In order to further enhance the quality of the model and the stability of training, we encourage the discriminator's network to learn meaningful ideas about features that are not forgotten during training due to the auxiliary losses presented by us
earlier . These two advantages, together with large-scale training, are provided by advanced conditional GSS, which are well suited for image synthesis from ImageNet, judging by the
Frechet distance .
The generator network produces an image based on its own vector. In each row, linear interpolation of the own codes of the leftmost and rightmost images leads to semantic interpolation in the image space.
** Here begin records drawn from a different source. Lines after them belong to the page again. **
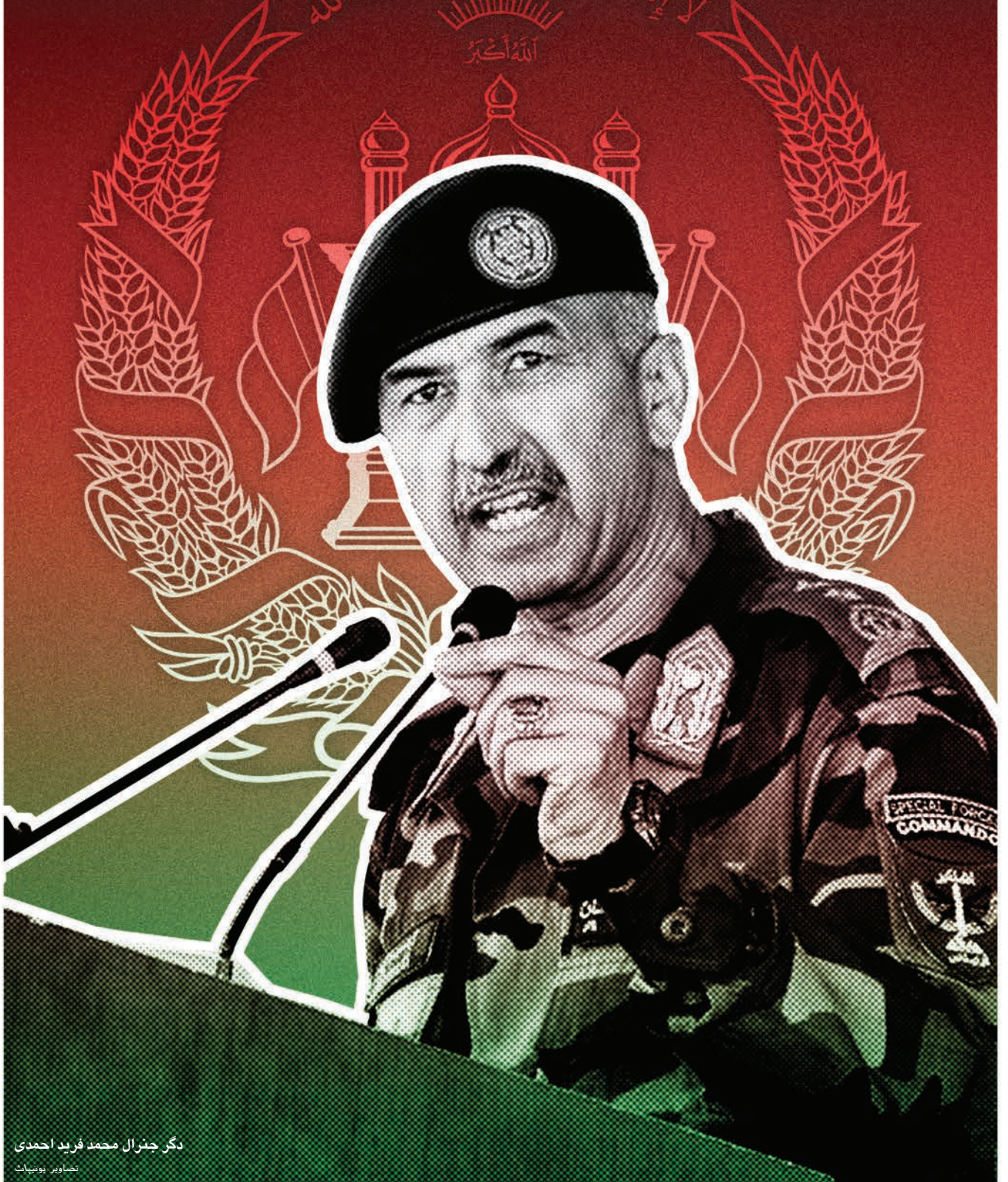
دگر جنرال محمد فرید احمدی تصاویر یونیناٹ
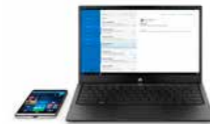
HP Elite x3 Lap Dock Ref. Y1M47EA
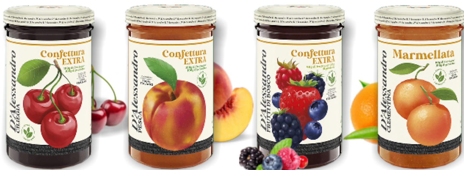
Confettura di Ciliegia gr. 310x6 A00724
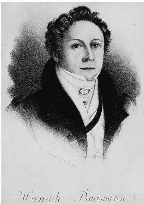
Heinrich Joseph Baermann, Solist der Uraufführung

Die meisten großen Komponisten beherrschten das Klavier virtuos, kaum einer dagegen mit gleicher Meisterschaft die Klarinette oder ein anderes Blasinstrument – Jörg Widmann ist in dieser Hinsicht eine seltene Ausnahme. Viel häufiger kam es in der Vergangenheit
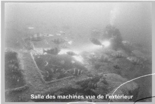
Salle des machines vue de l'extérieur
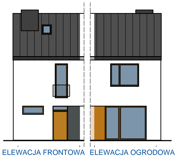
ELEWACJA FRONTOWA ELEWACJA OGRODOWA

Compare GAN library for training and assessment of GSS
Advanced research in the field of GSS is highly dependent on well-developed and proven code, since even the reproduction of previous results and techniques require great effort. To support open science and allow the research community to develop on the basis of recent breakthroughs, we are releasing a large update of the Compare GAN library. It includes loss functions, regularization and normalization schemes, neural network architectures and numerical metrics often used in modern GSS. She also supports:
- Training on the GPU and TPU.
- Simple setup using Gin ( examples ).
- A huge number of data sets through the library TensorFlow .
Conclusion and plans for the future
Given the gap between labeled and unmarked data sources,
it is becoming increasingly important to be able to learn from only partially tagged data. We have shown that a simple but powerful combination of self-supervision and semi-surveillance can help bridge this gap for the GSS. We believe that self-supervision is a promising idea that needs to be explored for other areas of generative modeling.